At the same time, changes to roles are immediately reflected on all users who own the roles. For example, adding certain priviledges to roles will immediately give all users who own the roles corresponding priviledges, and deleting certain priviledges will also deprive the corresponding users of the priviledges (unless the users themselves have the priviledges).

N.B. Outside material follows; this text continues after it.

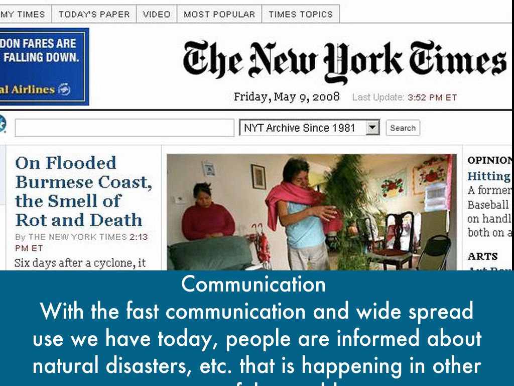 With the fast communication and wide spread use we have today, people are informed about natural disasters, etc. that is happening in other parts of the world.

List of Priviledges Included in the System
List of Priviledges Included in the System
Priviledge Name | Interpretation |
---|---|
SET_STORAGE_GROUP | create timeseries; set storage groups; path dependent |
INSERT_TIMESERIES | insert data; path dependent |
UPDATE_TIMESERIES | update data; path dependent |
READ_TIMESERIES | query data; path dependent |
DELETE_TIMESERIES | delete data or timeseries; path dependent |
CREATE_USER | create users; path independent |
DELETE_USER | delete users; path independent |
MODIFY_PASSWORD | modify passwords for all users; path independent; (Those who do not have this priviledge can still change their own asswords. ) |
LIST_USER | list all users; list a user’s priviledges; list a user’s roles with three kinds of operation priviledges; path independent |
GRANT_USER_PRIVILEGE | grant user priviledges; path independent |
REVOKE_USER_PRIVILEGE | revoke user priviledges; path independent |
GRANT_USER_ROLE | grant user roles; path independent |
REVOKE_USER_ROLE | revoke user roles; path independent |
CREATE_ROLE | create roles; path independent |
DELETE_ROLE | delete roles; path independent |
LIST_ROLE | list all roles; list the priviledges of a role; list the three kinds of operation priviledges of all users owning a role; path independent |
GRANT_ROLE_PRIVILEGE | grant role priviledges; path independent |
REVOKE_ROLE_PRIVILEGE | revoke role priviledges; path independent |
Username Restrictions
IoTDB specifies that the character length of a username should not be less than 4, and the username cannot contain spaces.
Password Restrictions
IoTDB specifies that the character length of a password should not be less than 4, and the password cannot contain spaces. The password is encrypted with MD5.
Role Name Restrictions
IoTDB specifies that the character length of a role name should not be less than 4, and the role name cannot contain spaces.